= Quazi Mahfujul Haque Supan =

Associate professor of law

Quazi Mahfujul Haque Supan is an associate professor of law at the University of Dhaka and a member of the Justice Division Reform Commission of the Muhammad Yunus-led Interim government. Supan is a faculty member of the law school at the East West University and the Shanto-Mariam University of Creative Technology. He also teaches at the State University of Bangladesh, Northern University, Bangladesh, University of Asia Pacific, and Eastern University.

==Early life==
Supan completed his bachelor's and master's degrees in law at the University of Dhaka in 1993 and 1994, respectively.

==Career==
Supan was a member of a "people's probe body" led by Anu Muhammad to investigate medical college entrance question paper leaks in 2015.

In July 2019, Supan trained officers of the Anti-Corruption Commission in a training session organized by Transparency International Bangladesh.

Supan is a faculty member of the law school at the East West University and the Shanto-Mariam University of Creative Technology. He also teaches at the State University of Bangladesh, Northern University, Bangladesh, University of Asia Pacific, and Eastern University. He has been critical of the proposed Cyber Security Rules 2024.

After the fall of the Sheikh Hasina led Awami League government, Supan was appointed a member of the Justice Division Reform Commission of the Muhmmad Yunus led Interim government.
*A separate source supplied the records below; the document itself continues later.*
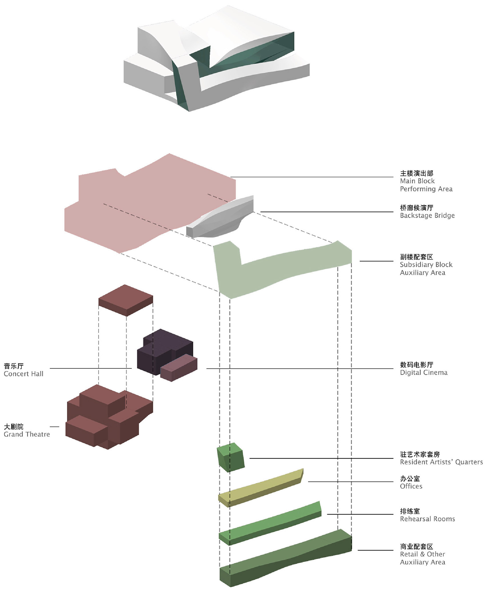 ▼功能体块分布示意,Diagram – Functions © Rocco Design Architects
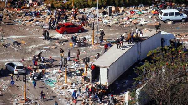 டர்பனில் அயோபா குளிர் சேமிப்பு கிடங்களை ஒரு பெரும் வன்முறை கூட்டம் சூழ்ந்துள்ளது. இதையும், டர்பனில் உள்ள ஸ்பிரிங்ஃபீல்ட் சில்லறை விற்பனை மையத்தில் கொள்ளையடிக்கப்படுவதையும் சாட்டிலைட் படங்கள் அம்பலப்படுத்தியுள்ளன. பீட்டர்மரிட்ஸ்பர்க்கின் ப்ரூக்ஸைடு மால் கொள்ளையடிக்கப்பட்டு எரிக்கப்பட்டது. பீட்டர்மரிட்ஸ்பர்க்கில் உணவுக்காக மக்கள் நீண்ட வரிசையில் காத்திருந்தார்கள். இது அத்தனையும் சாட்டிலைட் படங்களாக வெளியாகி உலகை உறைய வைத்துள்ளன.
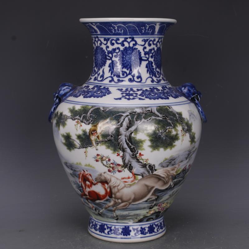 清乾隆青花斗彩馬上封侯紋花觚瓶仿古瓷器家居中式擺件古玩收藏1入
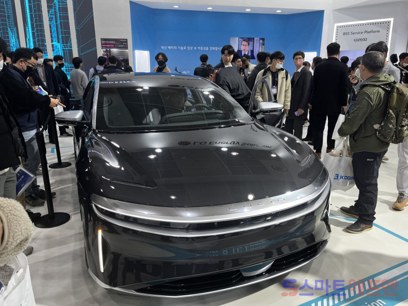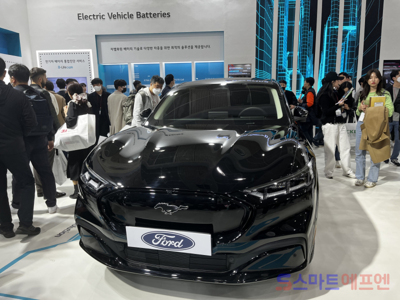 부스 중앙에는 LG에너지솔루션의 배터리가 들어간 포드의 머스탱마하-E와 국내에서는 철음으로 전시되는 루시드 모터스의 세단 루시드에어가 전시되어 있었다. 직접 타볼 수 있는 기회를 제공해 차에 타보려는 사람들로 줄을지었다.
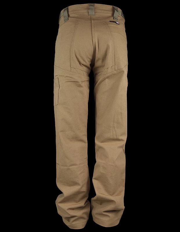 The Kitanica Brush Pant is a heavy duty work, outdoor trouser made of 100% duck cotton fabric. The seven belt loop waist and waist fit adjustment cinches make these some of the best fitting most comfortable work pants on the market. With belt loops made of mil-spec nylon webbing, they also accommodate a wider variety of belts. They have double layer reinforcement on the knees and backside.
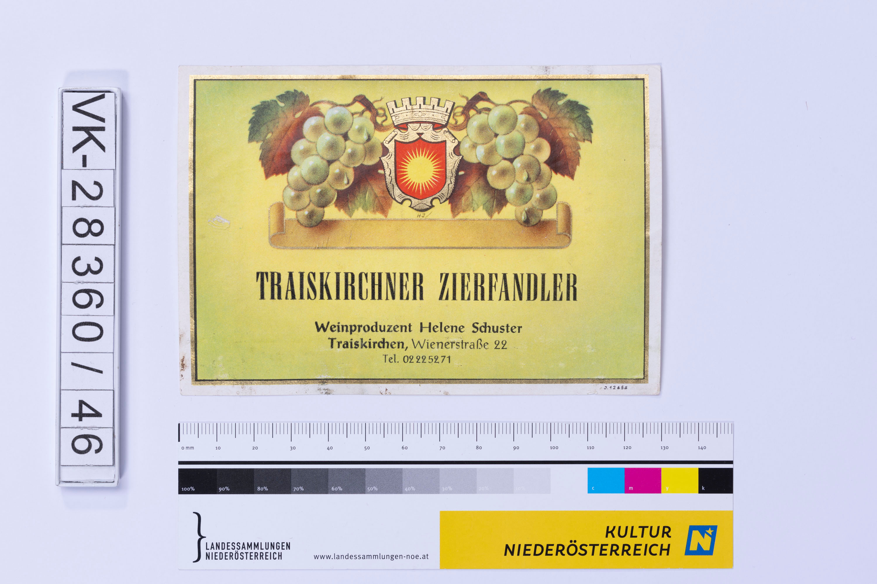 Abgelöstes Weinflaschenetikett aus einer Sammlung von den 1940er bis zu den frühen 1960er Jahren; Weinsorte: "TRAISKIRCHNER ZIERFANDLER", Wappendarstellung mit Weinreben; Weinbau, Kellerei bzw. Handel: "Weinproduzent Helene Schuster Traiskirchen, Wienerstraße 22 Tel. 02225271"

The Judicial Reform Commission recommended creating an entirely independent judicial system and an merit based attorney service. The commission also established a website to solicit ideas.

He was appointed head of a committee of the University of Dhaka to investigate violence on campus from 15 July to 5 August during the 2024 Bangladesh quota reform movement. The committee included Professors Mohammad Ekramul Haque, Nadia Newaz Rimi, Mohammed Almujaddade Alfasane, Nasreen Sultana, and Shehreen Amin Bhuiyan. The Committee recommended the expulsion of 128 students for participating in the violence, but critics argued that many more students participated in the violence.